There is in Brexit-supporting circles incomprehension at the pro-European state of Scottish politics, public opinion, and even independence. Lloyd Evans characterises the latter as Scotland handing itself over 'to a continental super-state run by two unelected gravy-guzzlers from Luxembourg and Poland.' Such sentiments tell us more about the worldview of those saying them than saying anything about Scotland. But critically, Scotland's soft, determined pro-Europeanism, just like that of Northern Ireland, is seen as another reason by Brexit England to hold entire nations in contempt.
Westminster's near total indifference to all matters Scottish plays a part in this. Some of the worst advocates for the continuation of the union turn out to be the most committed unionists. David Mundell, Scottish secretary of state, got in a mess with his semantic explanation of the UK last week, saying that 'Scotland is not a partner of the UK, it is part of the UK.'
Even more seriously, Westminster has a tonal deafness with regard to Scotland. No one senior in the government thought that two years into Brexit and a fraught European Union (Withdrawal) Bill, a 15-minute non-debate might be a tad insensitive. This underlines the case that one of the original arguments for devolution was how badly Westminster did accountability and Scottish affairs. Twenty years on, this state of affairs has denigrated to farce and being indefensible.

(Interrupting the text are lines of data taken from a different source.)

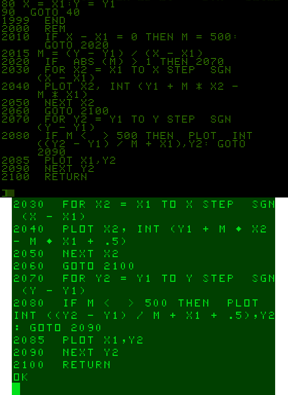 Brazilian CCE MC-1000 is somewhat similar to Apple II in colors of text mode and how BASIC programs are listed.
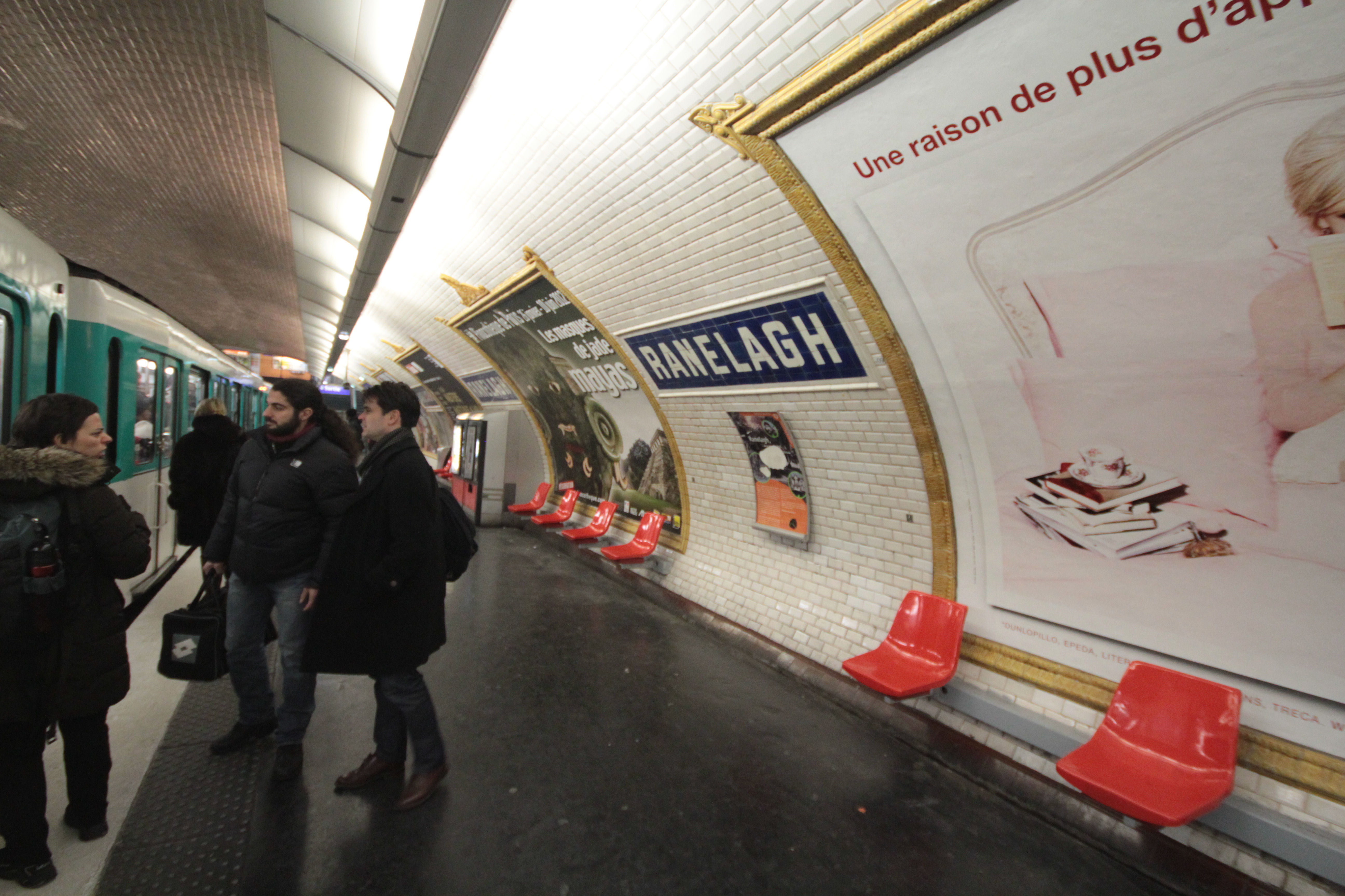 Station Ranelagh on Parisian metro line 9
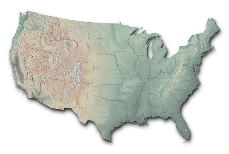 "Floating (plan oblique) physical base with terrain, rivers, boundaries, and drop shadow."
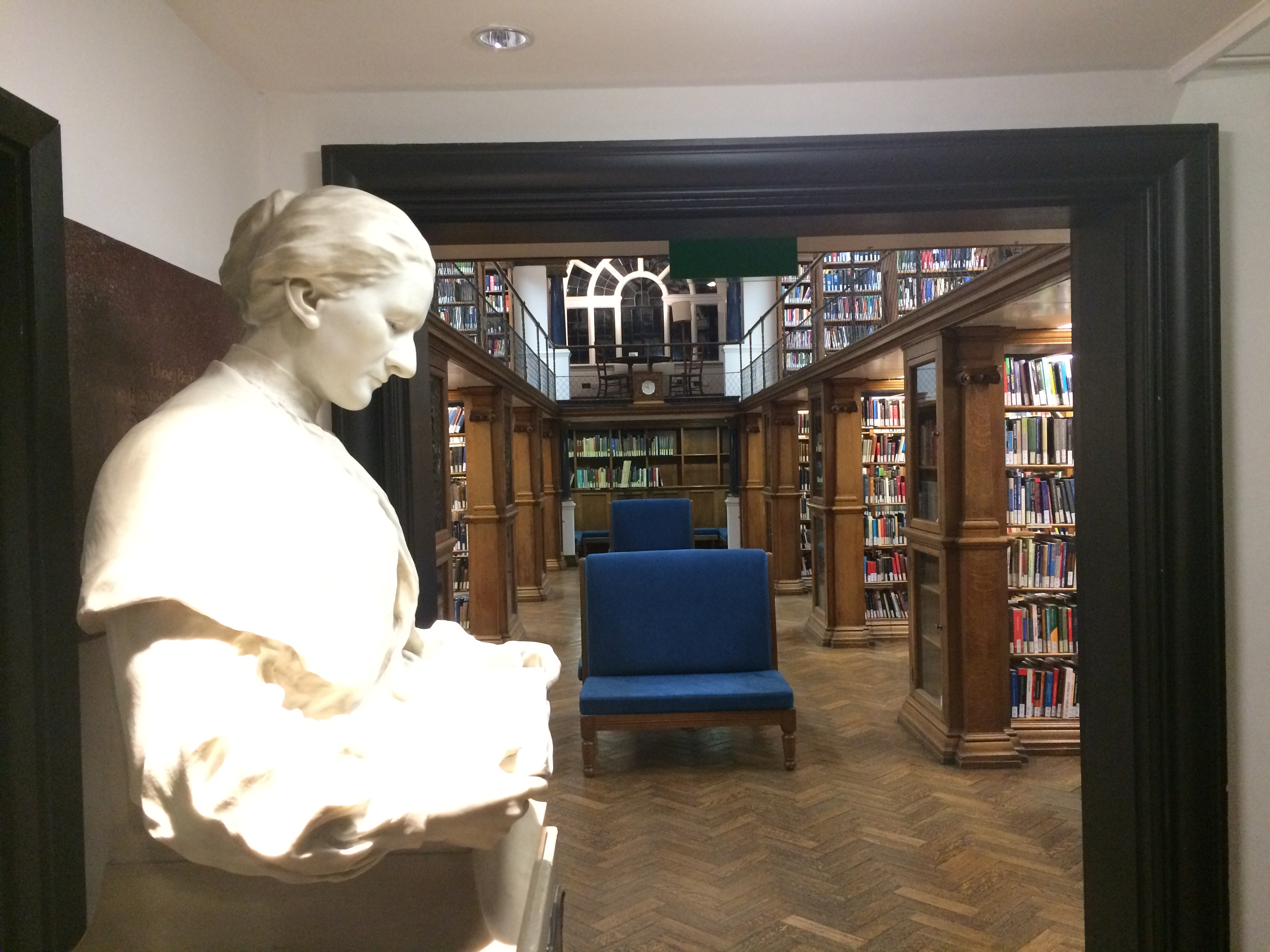 Image takenfollowing the Role Models meetup/editathon at Newnham College, Cambridge, focusing on university students who became notable. Event held to coincide with International Women's Day.#WikiWomenInRed

It is commonplace to see Brexit as an English phenomenon, but in truth it is only a very partial version of England: a perspective of right-wing populists mixing idealists, ideologues and chancers, who have hitched on a constituency of forgotten England and promised them that the existing way of things would be shaken to the ground. For those who still want to reverse Brexit, such as a small band of Labour MPs, they need to take into account the wider currents which produced this revolt and understand that, however unpleasant they find it, things cannot go back to how they were pre-June 2016.
The same is true for us living in Scotland. There is no return to the quiet reassuring times before the twin peaks of our two referendum votes. More than that, we face the challenge of living on an island with a dominant version of Britain that the majority of Scots find repugnant and that doesn't appear to contain any humanity or enlightenment. Add to that mix Brexit, and the insensitivities towards Scotland that it brings, and it follows that this union looks weaker and more in doubt than it ever has been. But we should not pretend that Brexit is the cause of our discontent, for it is merely the latest symptom of a longer and profound story.
We may not yet be on a 'motorway without exit,' to use Labour rebel Tam Dalyell's memorable phrase, but the exit points to avoid the final destination of independence are fast being exhausted. And some of the main facilitators of this in the here and now, building on that long decline, are not north of the border, but to be found in continual Westminster indifference and insensitivity and in the narrow Brexit dogma from such English nationalists as Jacob Rees-Mogg, Ian Liddell-Grainger and Nadine Dorries.